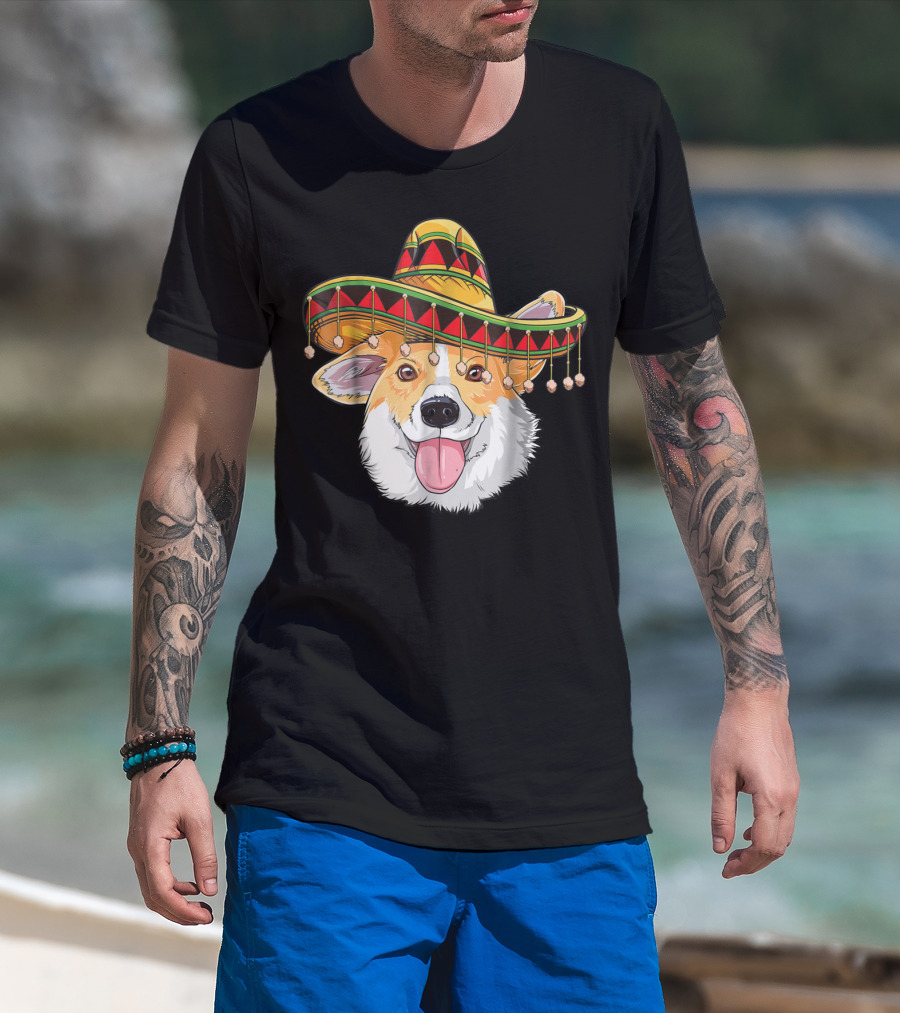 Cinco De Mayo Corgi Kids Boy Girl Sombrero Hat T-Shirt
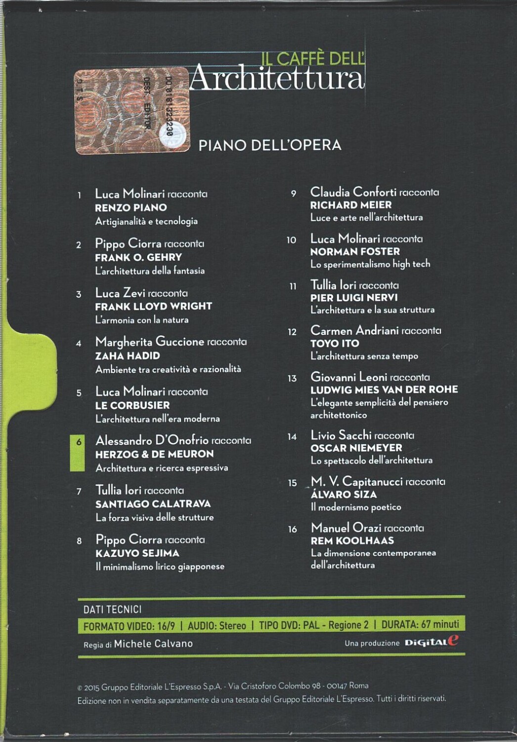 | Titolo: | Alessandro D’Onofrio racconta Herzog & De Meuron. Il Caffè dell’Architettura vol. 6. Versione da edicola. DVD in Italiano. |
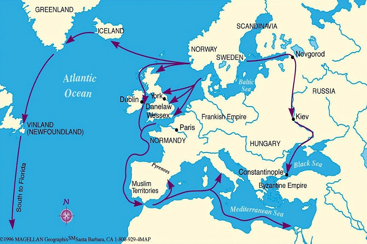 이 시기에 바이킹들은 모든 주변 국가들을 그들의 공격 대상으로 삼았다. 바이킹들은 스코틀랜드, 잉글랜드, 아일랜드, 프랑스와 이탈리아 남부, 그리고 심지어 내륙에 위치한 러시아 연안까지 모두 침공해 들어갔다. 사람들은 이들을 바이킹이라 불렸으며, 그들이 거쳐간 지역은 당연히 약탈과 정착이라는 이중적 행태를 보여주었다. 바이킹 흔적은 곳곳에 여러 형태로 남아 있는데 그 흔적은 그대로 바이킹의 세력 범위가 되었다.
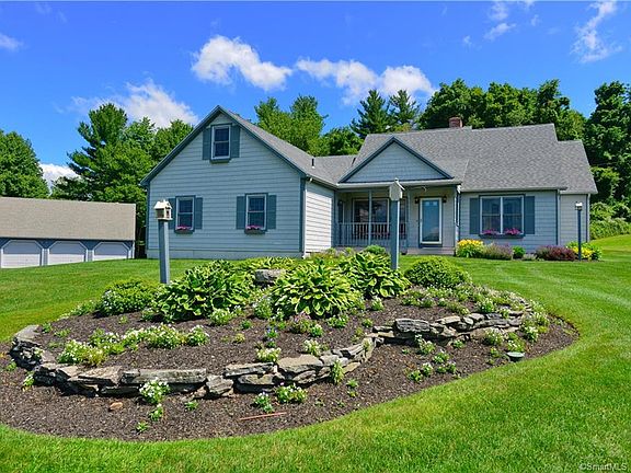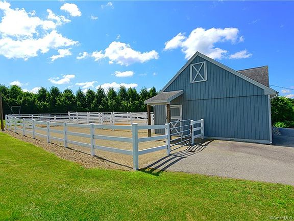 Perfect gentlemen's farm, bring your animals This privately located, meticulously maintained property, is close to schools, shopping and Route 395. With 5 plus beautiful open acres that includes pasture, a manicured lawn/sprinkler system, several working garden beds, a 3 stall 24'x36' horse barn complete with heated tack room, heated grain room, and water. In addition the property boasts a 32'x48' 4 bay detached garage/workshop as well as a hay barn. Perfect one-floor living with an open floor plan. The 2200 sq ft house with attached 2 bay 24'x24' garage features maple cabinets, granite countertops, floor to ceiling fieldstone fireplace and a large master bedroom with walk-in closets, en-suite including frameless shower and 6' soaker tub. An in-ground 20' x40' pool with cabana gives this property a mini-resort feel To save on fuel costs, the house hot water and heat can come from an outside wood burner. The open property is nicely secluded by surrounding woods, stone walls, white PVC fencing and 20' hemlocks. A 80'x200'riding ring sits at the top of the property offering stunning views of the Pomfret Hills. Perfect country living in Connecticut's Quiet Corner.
============
Exercise requirements
Please make an exact copy of the whole listing and leave out its pictures.

Written solution
 Cinco De Mayo Corgi Kids Boy Girl Sombrero Hat T-Shirt
 | Titolo: | Alessandro D’Onofrio racconta Herzog & De Meuron. Il Caffè dell’Architettura vol. 6. Versione da edicola. DVD in Italiano. |
 이 시기에 바이킹들은 모든 주변 국가들을 그들의 공격 대상으로 삼았다. 바이킹들은 스코틀랜드, 잉글랜드, 아일랜드, 프랑스와 이탈리아 남부, 그리고 심지어 내륙에 위치한 러시아 연안까지 모두 침공해 들어갔다. 사람들은 이들을 바이킹이라 불렸으며, 그들이 거쳐간 지역은 당연히 약탈과 정착이라는 이중적 행태를 보여주었다. 바이킹 흔적은 곳곳에 여러 형태로 남아 있는데 그 흔적은 그대로 바이킹의 세력 범위가 되었다.
 Perfect gentlemen's farm, bring your animals This privately located, meticulously maintained property, is close to schools, shopping and Route 395. With 5 plus beautiful open acres that includes pasture, a manicured lawn/sprinkler system, several working garden beds, a 3 stall 24'x36' horse barn complete with heated tack room, heated grain room, and water. In addition the property boasts a 32'x48' 4 bay detached garage/workshop as well as a hay barn. Perfect one-floor living with an open floor plan. The 2200 sq ft house with attached 2 bay 24'x24' garage features maple cabinets, granite countertops, floor to ceiling fieldstone fireplace and a large master bedroom with walk-in closets, en-suite including frameless shower and 6' soaker tub. An in-ground 20' x40' pool with cabana gives this property a mini-resort feel To save on fuel costs, the house hot water and heat can come from an outside wood burner. The open property is nicely secluded by surrounding woods, stone walls, white PVC fencing and 20' hemlocks. A 80'x200'riding ring sits at the top of the property offering stunning views of the Pomfret Hills. Perfect country living in Connecticut's Quiet Corner.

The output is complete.